Pihak manajemen menyebut bahwa pemisahan gerbong untuk penumpang perempuan merupakan langkah preventif guna mencegah tindakan pelecehan di ruang publik. Kebijakan ini murni bersifat layanan tambahan demi kenyamanan penumpang.
"Di beberapa wilayah seperti Yogyakarta, KRL bahkan tidak memiliki gerbong wanita. Ini lebih kepada layanan tambahan, bukan faktor penentu safety," jelas Anne Purba, Vice President Public Relations KAI.
Terkait insiden kecelakaan yang terjadi baru-baru ini, Anne memastikan bahwa proses evaluasi terus berjalan secara intensif. Langkah ini dilakukan bersama Komite Nasional Keselamatan Transportasi (KNKT) serta Direktorat Jenderal Perkeretaapian (DJKA).
"Ada atau tidak ada kejadian besar, evaluasi pasti dilakukan.

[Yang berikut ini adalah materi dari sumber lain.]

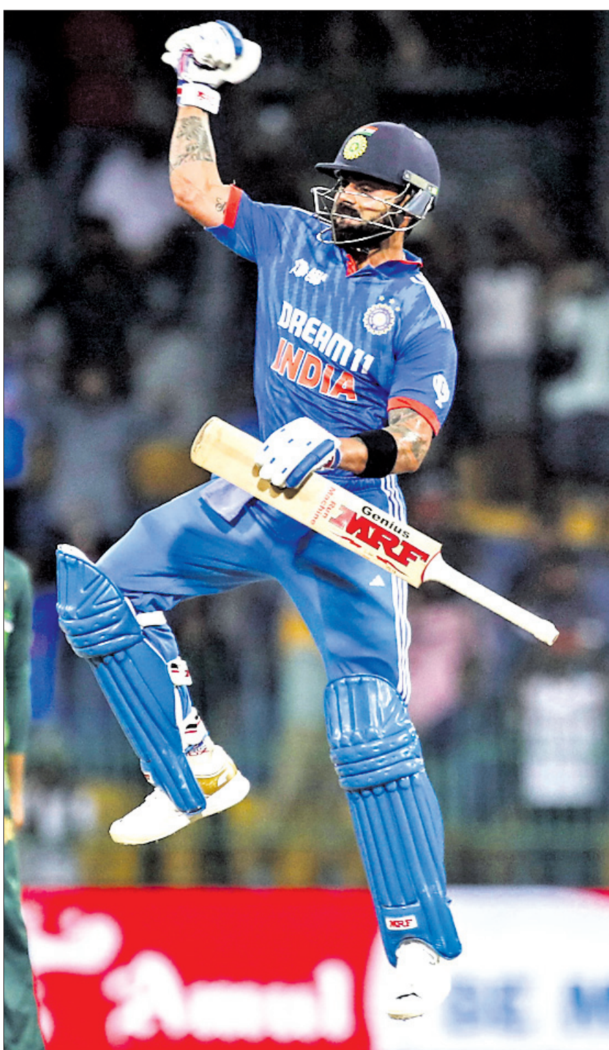
ଶତକ ହାସଲ ପରେ ଉଲ୍ଲାସିତ ବିରାଟ କୋହଲି।

ଭାରତର ଷ୍ଟାର କ୍ରିକେଟର ବିରାଟ କୋହଲି ଅନ୍ତର୍ଜାତୀୟ ଦିନିକିଆ କ୍ରିକେଟରେ ପୁରଣ କରିଛନ୍ତି ୧୩୫ ରନ୍। ପାକିସ୍ତାନ ବିପକ୍ଷରେ କୋହଲି ଏହି ମାଇଲଖୁଣ୍ଟ ହାସଲ କରିଛନ୍ତି। ଏହି ମ୍ୟାଚ ପୂର୍ବରୁ କୋହଲିଙ୍କୁ ୧୩୫ ରନ୍ ପୁରଣ କରିବାକୁ ୯୮ ରନ୍ ଆବଶ୍ୟକ ଥିଲା। ଏହି ମ୍ୟାଚରେ ଦିନିକିଆ କ୍ୟାରିୟରର ୪୭ତମ ଶତକ ପୁରଣ କରିବା ସହିତ ସମ୍ପୂର୍ଣ୍ଣ ଷ୍ଟାଇଲରେ ୧୩୫ ରନ୍ ପୁରଣ କରିଛନ୍ତି। ଏହା ସହିତ ବିଶ୍ୱର ଦ୍ରୁତତମ ଖେଳାଳି ଭାବରେ କୋହଲି ୧୩୫ ରନ୍ର କ୍ଲବରେ ପ୍ରବେଶ କରିଛନ୍ତି। ଭାରତର କ୍ରିକେଟ କିମ୍ବଦନ୍ତୀ ସଚିନ୍ ଡେବୁଲକରଙ୍କ ରେକର୍ଡ ଭାଙ୍ଗିଛନ୍ତି କୋହଲି। ଡେବୁଲକର ୩୨୧ ଜିନିଷରେ ୧୩୫ ରନ୍ ପୁରଣ କରିଥିବା ବେଳେ କୋହଲି ୨୬୭ ତମ ଜିନିଷରେ ଏହି ସଫଳତା ହାସଲ କରିଛନ୍ତି। ବିଶ୍ୱର ପଞ୍ଚମ ଖେଳାଳି ଭାବରେ କୋହଲି ଅନ୍ତର୍ଜାତୀୟ ଦିନିକିଆରେ ୧୩୫ ରନ୍ ସମ୍ପୂର୍ଣ୍ଣ କରିଛନ୍ତି। ସଚିନ୍ ଡେବୁଲକର (୧୮,୪୨୬ ରନ୍), କୁମ୍ଭାର ସଙ୍ଗକାରା (୧୪,୨୩୪ ରନ୍), ରିକି ପଣ୍ଡା (୧୩,୦୪୦ ରନ୍) ଓ ସନଥ ଜୟପୁରିୟା (୧୩,୪୩୦ ରନ୍) ପୂର୍ବରୁ ୧୩୫ ରନ୍ର କ୍ଲବରେ ସାମିଲ ଅଛନ୍ତି।

Apalagi ini menyangkut keselamatan. Kami menunggu hasil audit dan rekomendasi dari KNKT," katanya Anne Purba, Vice President Public Relations KAI.
Selain fokus pada audit internal dan investigasi teknis, KAI turut memberikan peringatan kepada masyarakat luas terkait risiko kecelakaan. Perusahaan menuntut kedisiplinan para pengguna jalan raya saat melintasi jalur perlintasan sebidang untuk mencegah jatuhnya korban.